_Work instruction_
Retype only what runs from the beginning of the data through the line with "Aktion AlpenKraft ZugSpitze"; please omit the pictures and keep every line exact.

::::::

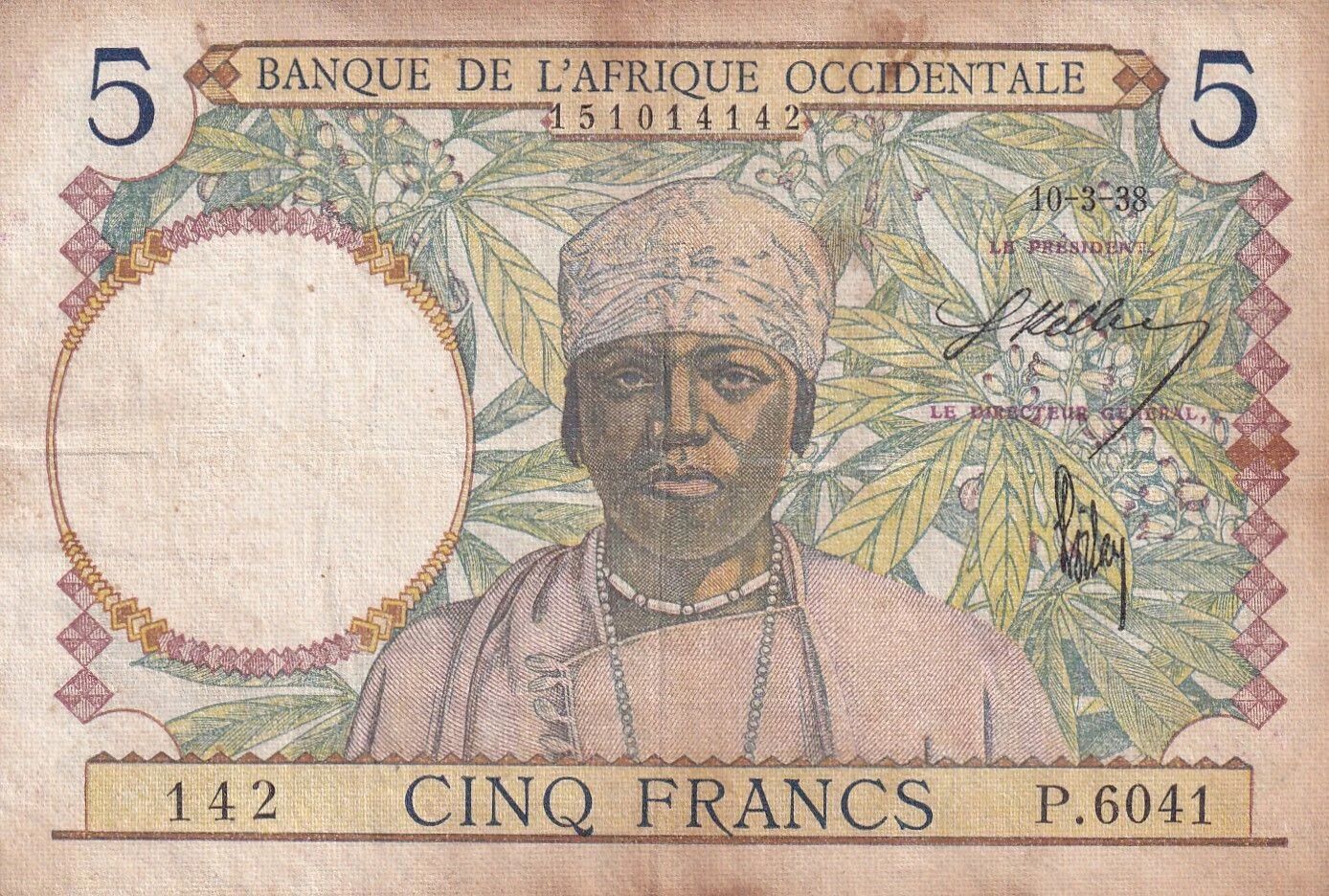 The obverse of the banknote features a male human figure positioned in the center. The inscriptions "Banque De L'Afrique Occidentale" and "Cinq Francs" are also present.
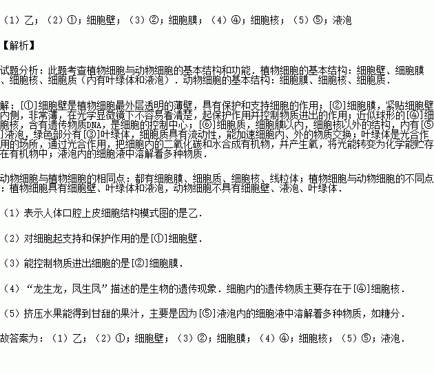 (1)表示人体口腔上皮细胞结构模式图的是 (填“甲”或“乙”).
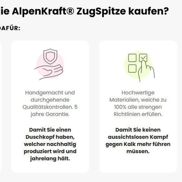 Aktion AlpenKraft ZugSpitze Duschkopf Premium ZugSpitze — Der beste wassersparende Duschkopf von AlpenKraft® MADE IN GERMANY WEIL ALLES WAS IN DEUTSCHLAND PRODUZIERT WIRD, FÜR DIE EWIGKEIT GEBAUT WURDE Euro 5 Jahre Garantie MIT EDELSTAHL-RINGEN ENTSPRICHT ALLEN GESETZLICHEN KRITERIEN GEFÜL
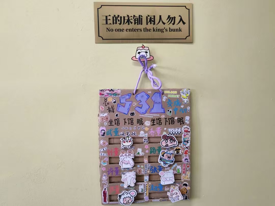 一扇朴素的木门上,“欢迎回家”四字洋溢着温馨的气息,顿时增强了家的归属感。手绘海报之侧,色彩缤纷的蝴蝶装饰板宛如振翅欲舞,彰显了食品学子们专业的风采与无穷的创意。这些巧夺天工的点缀,使得原本平淡无奇的宿舍角落焕发出勃勃生机与活力。
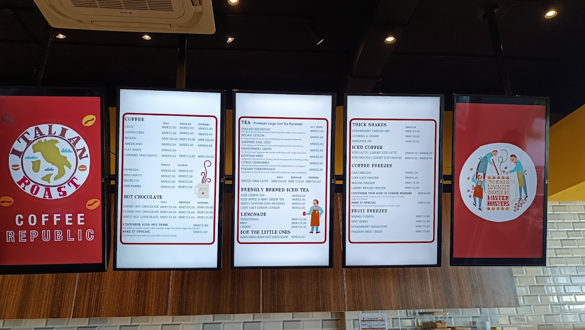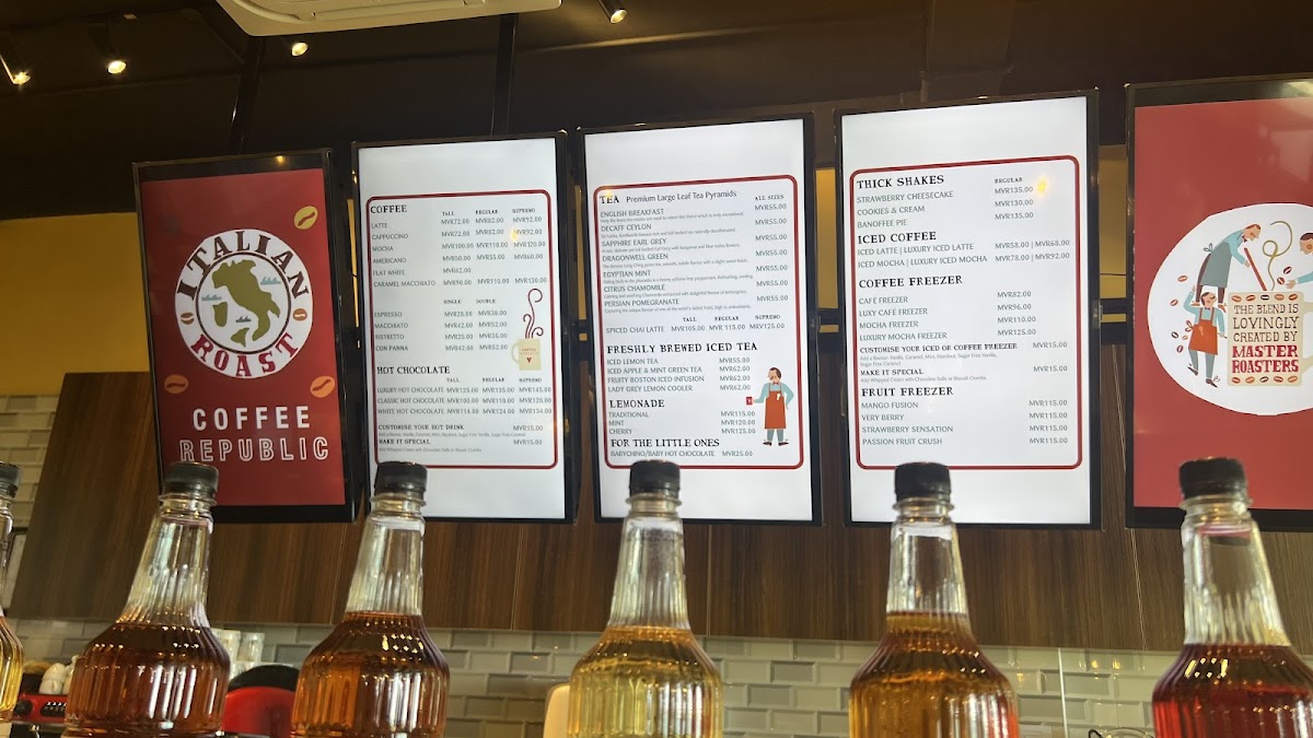 The menu at Coffee Republic Hulhumale primarily features a selection of coffee beverages, with an emphasis on espresso-based drinks. Alongside the coffee offerings, the menu includes light food options such as sandwiches and desserts. Customers can expect a variety of quick-serve items suitable for breakfast, coffee breaks, or light meals throughout the day.
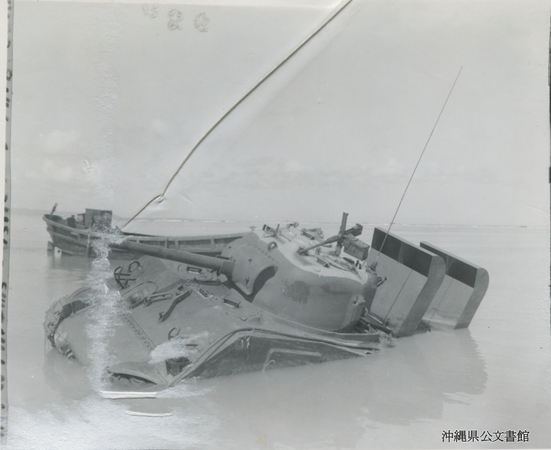 【和訳】 浜辺で動かなくなった海兵隊の戦車。後方に日本軍の上陸船。
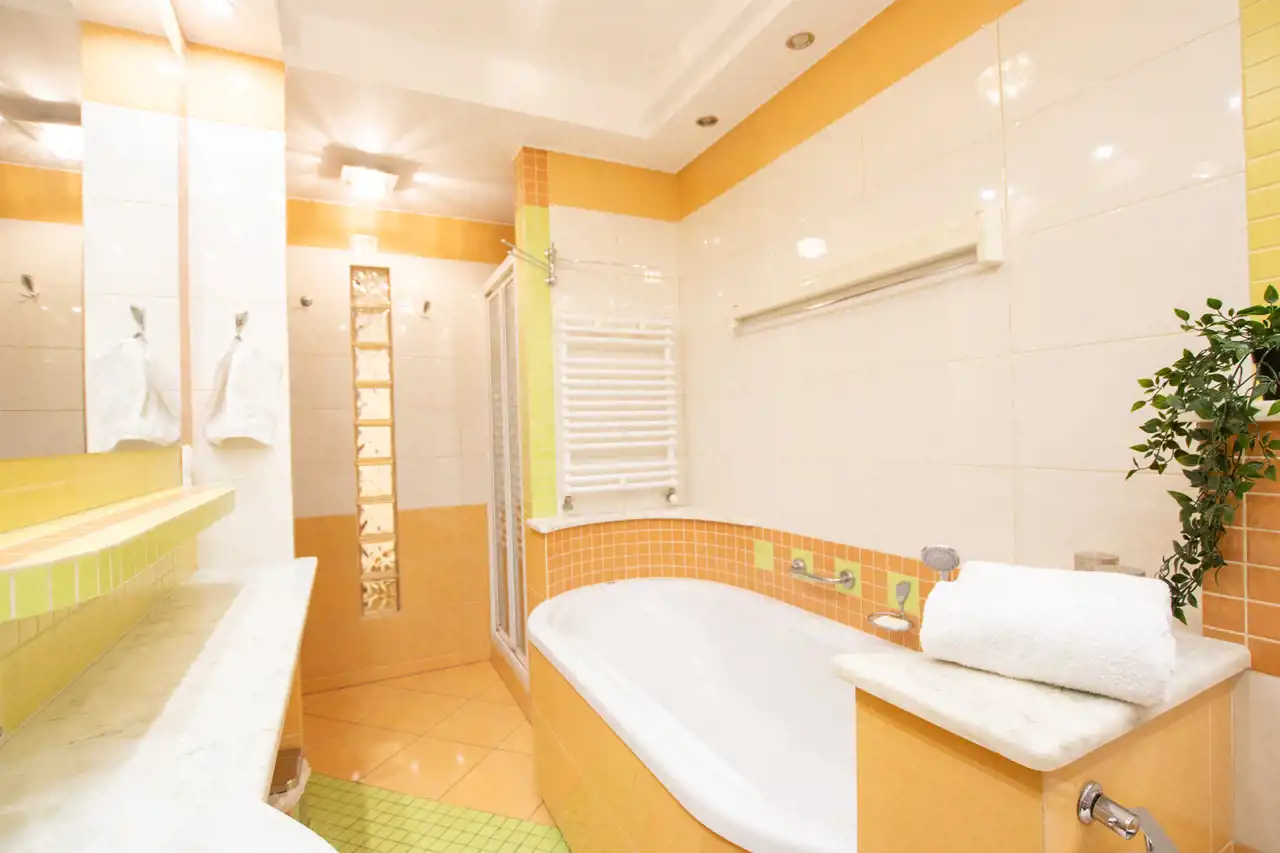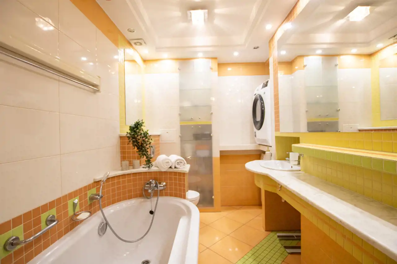 -Łazienka: przestronna, nowoczesna, wyposażona w oddzielny prysznic i wannę; pralka i suszarka.
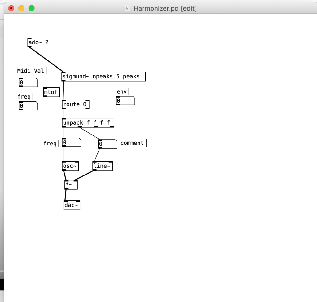 As the pitch tracking is monophonic, I was able to do this pretty easily while if polyphonic I would’ve had a way harder time. For the next week I will create a harmonizing device using preset intervals above the fundamental frequency which I will use as a base.
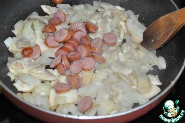 Кладём порезанные колечками охотничьи колбаски.

::::::

_Answer area_
 The obverse of the banknote features a male human figure positioned in the center. The inscriptions "Banque De L'Afrique Occidentale" and "Cinq Francs" are also present.
 (1)表示人体口腔上皮细胞结构模式图的是 (填“甲”或“乙”).
 Aktion AlpenKraft ZugSpitze Duschkopf Premium ZugSpitze — Der beste wassersparende Duschkopf von AlpenKraft® MADE IN GERMANY WEIL ALLES WAS IN DEUTSCHLAND PRODUZIERT WIRD, FÜR DIE EWIGKEIT GEBAUT WURDE Euro 5 Jahre Garantie MIT EDELSTAHL-RINGEN ENTSPRICHT ALLEN GESETZLICHEN KRITERIEN GEFÜL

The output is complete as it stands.